I've had friends who played Baldur's Gate 3 for over 200 hours and still discovered entirely new dialogue trees and hidden locations on their fourth playthrough. That's the magic Avowed is chasing. When content becomes genuinely missable, two powerful things happen simultaneously. First, your personal journey feels uniquely yours – you didn't just consume a product; you navigated a world that reacted to your presence. Second, communities start having real discussions. "Wait, you met WHO in that cave?" or "I completely missed that questline because I refused to trust that character early on." Those conversations breathe life into a game long after the credits roll.

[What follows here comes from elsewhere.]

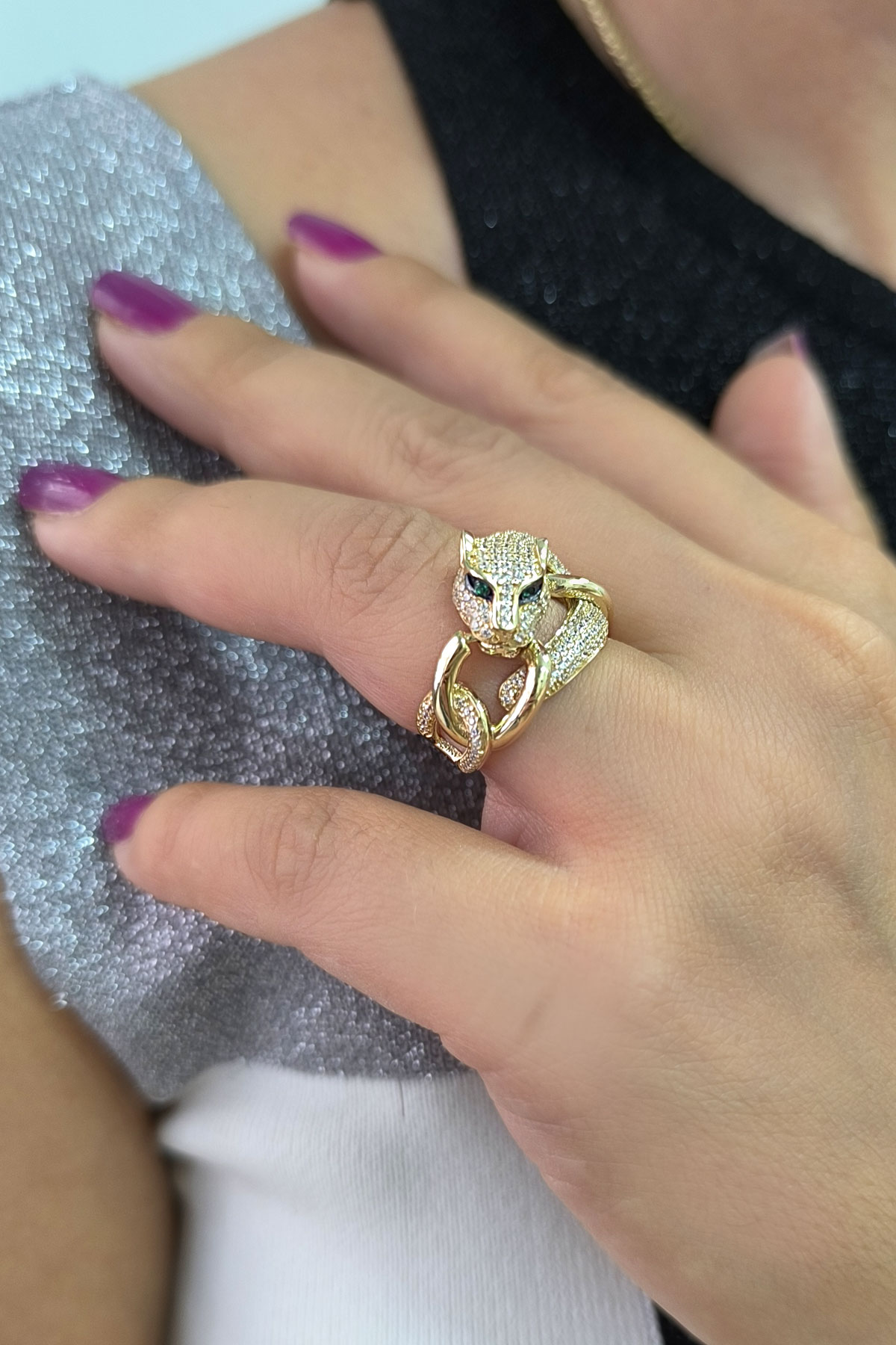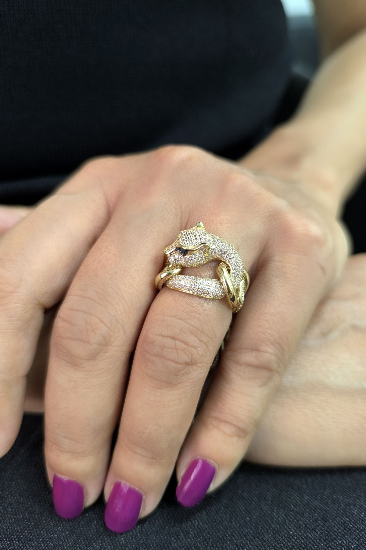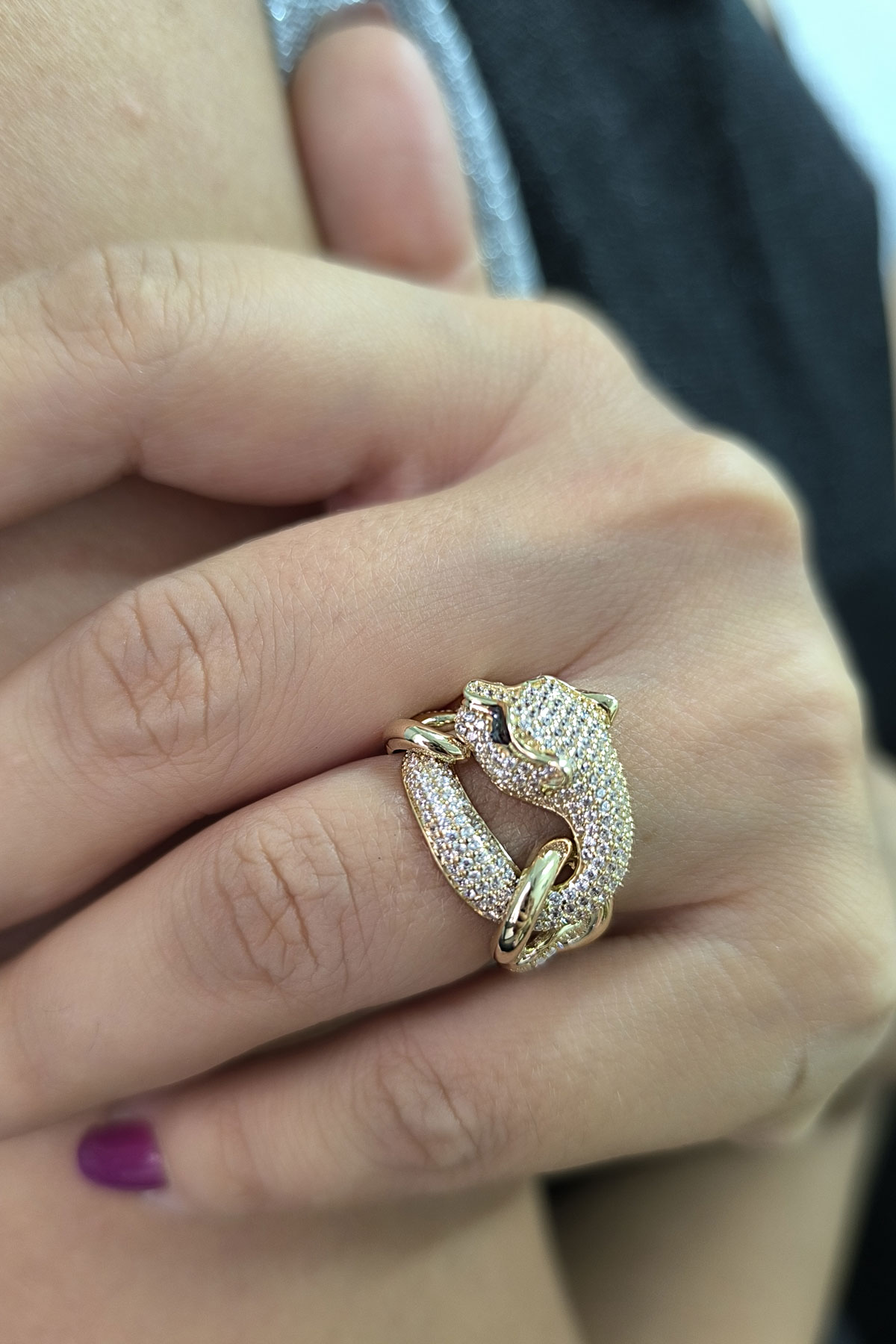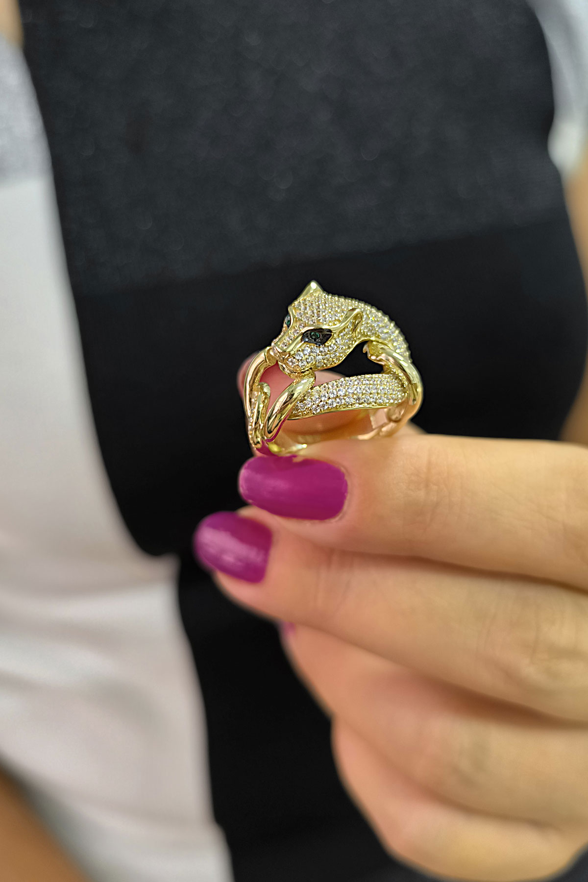 6.65 Gr. Taşlı Işıl Işıl Panter Modeli İle Şık Modern Ve Günlük Kullanıma Uygun 14 Ayar  Altın Kadın Yüzük.

But let me play devil's advocate for a moment. Is this approach universally appealing? Absolutely not, and I understand why. We're drowning in incredible games in 2026. Between massive RPGs, indie darlings, and live-service titles constantly demanding attention, who has the bandwidth to replay a 60-plus-hour experience multiple times? If you're someone with limited gaming time – maybe you're a parent, a busy professional, or just someone who likes to experience a complete story and move on – the idea of permanently locked content can feel downright disrespectful of your time.

Here's the balancing act Obsidian seems to be attempting, though. By making Avowed a hub-based experience rather than a true open world, they're inherently respecting players' time more than a game like Skyrim does. The scope is tighter, the pacing presumably more deliberate. You're not spending hours walking across empty landscapes. But within that focused structure, your choices still carry ripple effects. That companion you dismissed early on? They're gone, and their associated content goes with them. The faction you betrayed? Don't expect their questline to remain available out of convenience.

I'd break down the two distinct player perspectives like this:

😊 The Replayability Enthusiast: Loves that choices feel weighty, enjoys discovering new content on subsequent playthroughs, and values personalized narratives over completionism.

😕 The Time-Constrained Gamer: Prefers experiencing most or all content in a single thorough playthrough, finds locked content frustrating, and sees gaming time as a precious resource.

Neither perspective is wrong! But I think Obsidian is betting that the long-term engagement and word-of-mouth generated by truly reactive design will outweigh the complaints from completionists. After all, Baldur's Gate 3 proved that audiences hunger for games that treat them like active participants in a story rather than tourists being guided through a theme park.

So where does that leave you and me as we prepare to dive into Avowed? I've realized I need to adjust my mindset. Instead of approaching the game with a checklist mentality, I'm going to embrace the idea that my first playthrough is MY story – incomplete, imperfect, and shaped by my gut instincts. If a questline closes off because I made a tough call, that's not content I "lost." That's a consequence I authored. And honestly? That's so much more exciting to me than another RPG that bends over backward to make sure nobody ever misses anything.

What about you? Are you ready to let go of the completionist urge and see where the Living Lands actually take you, or does the thought of missable content still make you uneasy?